For my Model 3, there is a difference between "off" and "auto" while the car is in drive ("D"). However, the difference is about 1/4 photographic stop according to one of my cameras. When the lights come on in the "off" state, its basically as usable as in the "auto". You'd only notice in an A/B comparison.

This is in contrast to another (non-Tesla) car I tested: there was at least a two photographic stop difference (~factor of 4) between daytime running lights and full headlights. Trivially noticeable.

Whatever the actual ratio is, I agree with your solution -- flip it back to "auto", for full-power headlights, with running/tail lights.
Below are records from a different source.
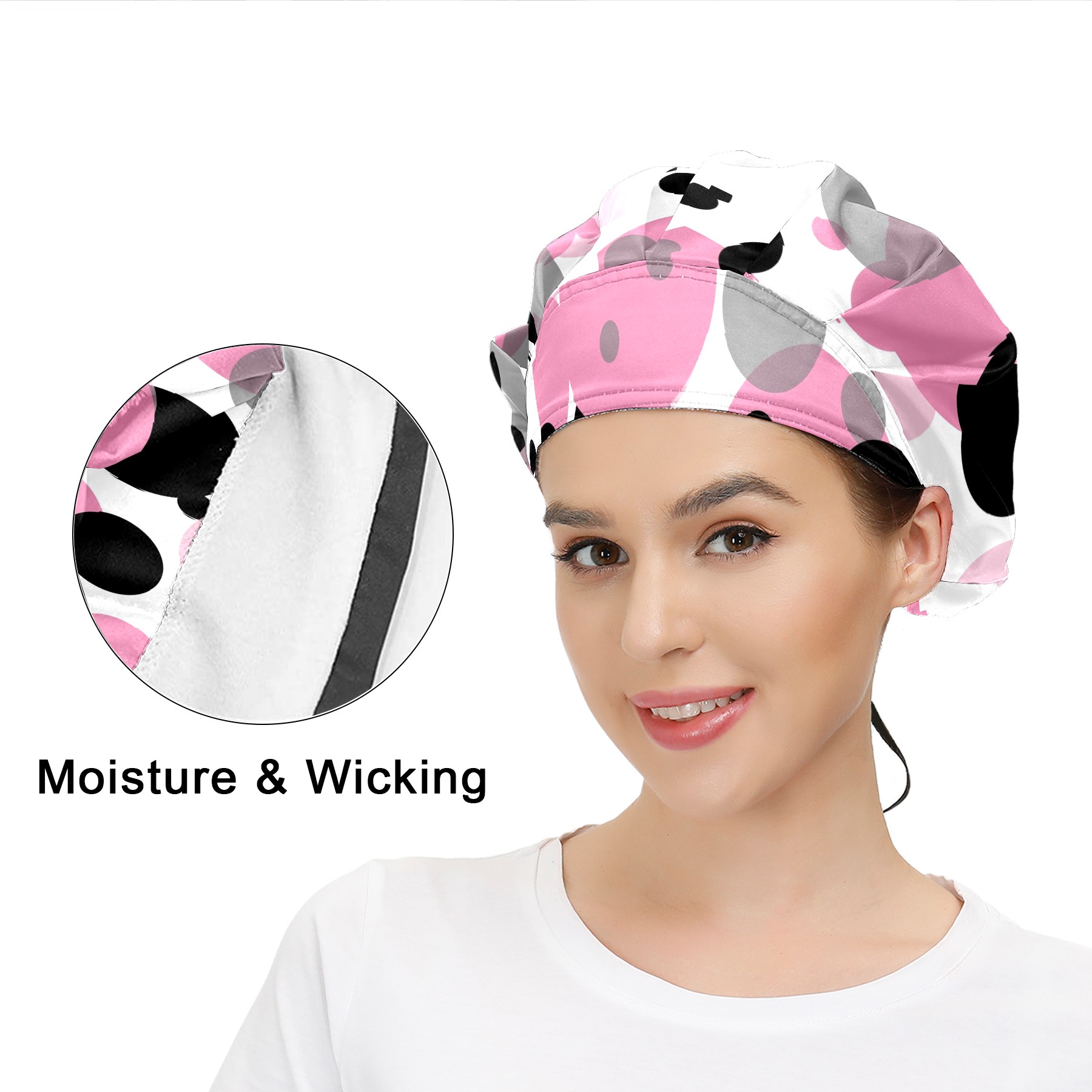 <p>Working cap with Sweatband for Women Men</p> <p>Nice soft Material : 50% cotton+50% polyester, skin-friendly & bleach-friendly fabric not easy to wrinkle, breathable & comfortable.</p> <p>Working cap with sweatband: Sweat-absorbent towel cloth inside: Built-in 100% cotton sweatband, keep dry and fresh for long time wearing, the cap can also keep the forehead clean after long time working.</p> <p>Easy adjustment: Elastic band & lace-up, without squishing your head, can easily adjust the lace-up for perfect fitting, this hat can completely cover it.</p> <p>Widely occasion: Widely used in beauty spa, research institutions working, cooking, sleeping, or for cos-play party.</p> <p>Adjustable design: Easy and comfortable to wear, one size fits most, suitable for both men and women.</p> <p>One size fits most: With semi-open and bandage design which you can freely adjustable as all head types and hair types of men and woman, you can use as working cap, chef cap, sleeping hat, beauty spa cap, cleaning caps for hair loss etc.</p> <p>Saving your ears: no more headache from wearing ma-sk for a long time, very comfortable.</p> <p>Lovely pattern: lovely 3D printed pattern, it's perfect for gift to you family and friends.</p>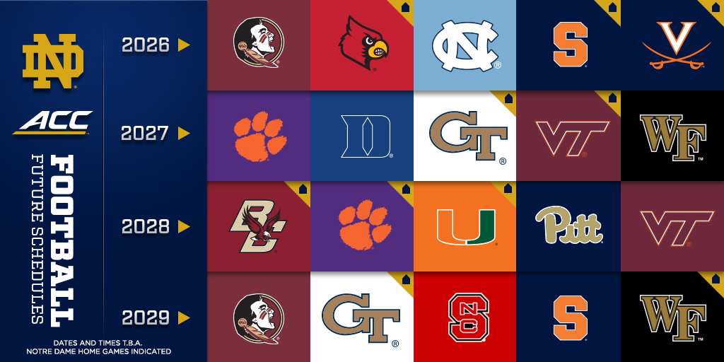 GREENSBORO, N.C. (theACC.com) – As part of the ongoing agreement, Notre Dame and the Atlantic Coast Conference announced the five football games that will be played annually between the Fighting Irish and members of the league from 2026 through 2037.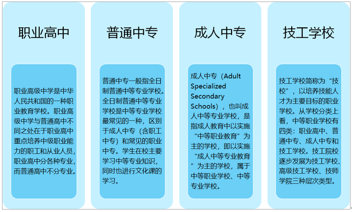 中等職業學校是指經政府有關部門依法批準設立,實施全日制中等學歷教育的各類職業學校,招生對象是初中畢業生和具有與初中同等學歷的人員,基本學制為三年,學生畢業屬中職學歷。中等職業學校在對學生進行高中程度文化知識教育的同時,根據職業崗位的要求有針對性地實施職業知識與職業技能教育。分為公辦和民辦兩大類。中等職業學校有四類:職業高中、普通中專、成人中專和技工學校,技工院校逐步發展為技工學校、高級技工學校、技師學院三種層次類型。其中,技工學校(技師學院)歸人社部門管理,職業高中、普通中專和成人中專歸教育部門管理。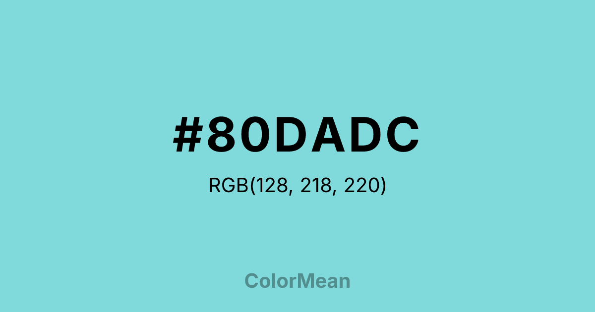 #80DADC RGB value is (128, 218, 220). The hex color red value is 128, green is 218, and blue is 220. Its HSL format shows a hue of 181°, saturation of 57 percent, and lightness of 68 percent. The CMYK process values are 42 percent, 1 percent, 0 percent, 14 percent.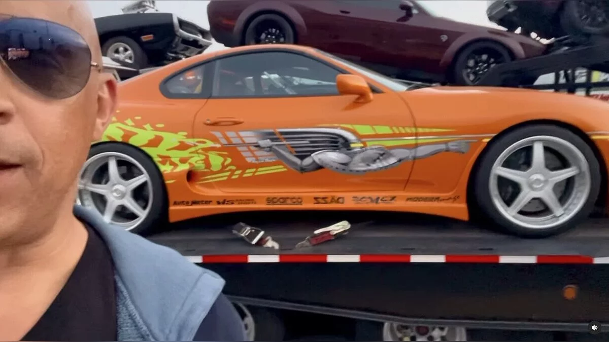 Дизель записал ролик на фоне оранжевой Toyota Supra, известной по первому «Форсажу». Актер признался, что автомобиль связан со многими воспоминаниями о франшизе.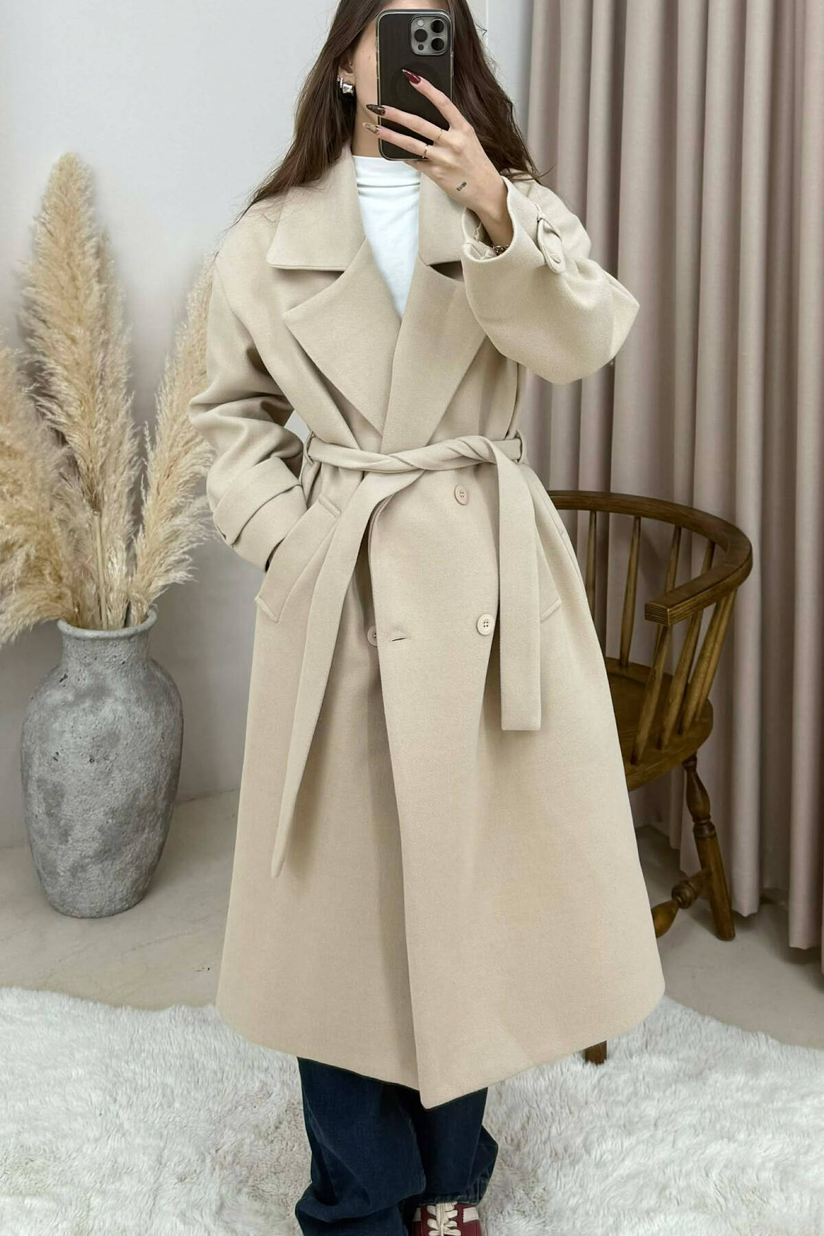 PALLTO E GJATE NJE NGJYRESHE ME DETAJIN E LIDHSEVE PER FEMRA NE NGJYRE KREM

I've sent a note to Tesla about this.


----------



## Guest (Mar 4, 2019)

AFAIK, legally, DRL must be on if no other light is activated and vehicle is being driven.
If low beams or parking lights are activated, DRLs shall not be active.
Often DRL and front parking lights are the same thing though luminosity requirements are different and NOT overlapping. 
Almost all European cars support always on parking lights. Some even support ONE-SIDE parking lights (to save power, activate
only the side - closer to traffic.


----------



## iChris93 (Feb 3, 2017)

arnis said:


> AFAIK, legally, DRL must be on if no other light is activated and vehicle is being driven.
> If low beams or parking lights are activated, DRLs shall not be active.


Depends on jurisdiction.


----------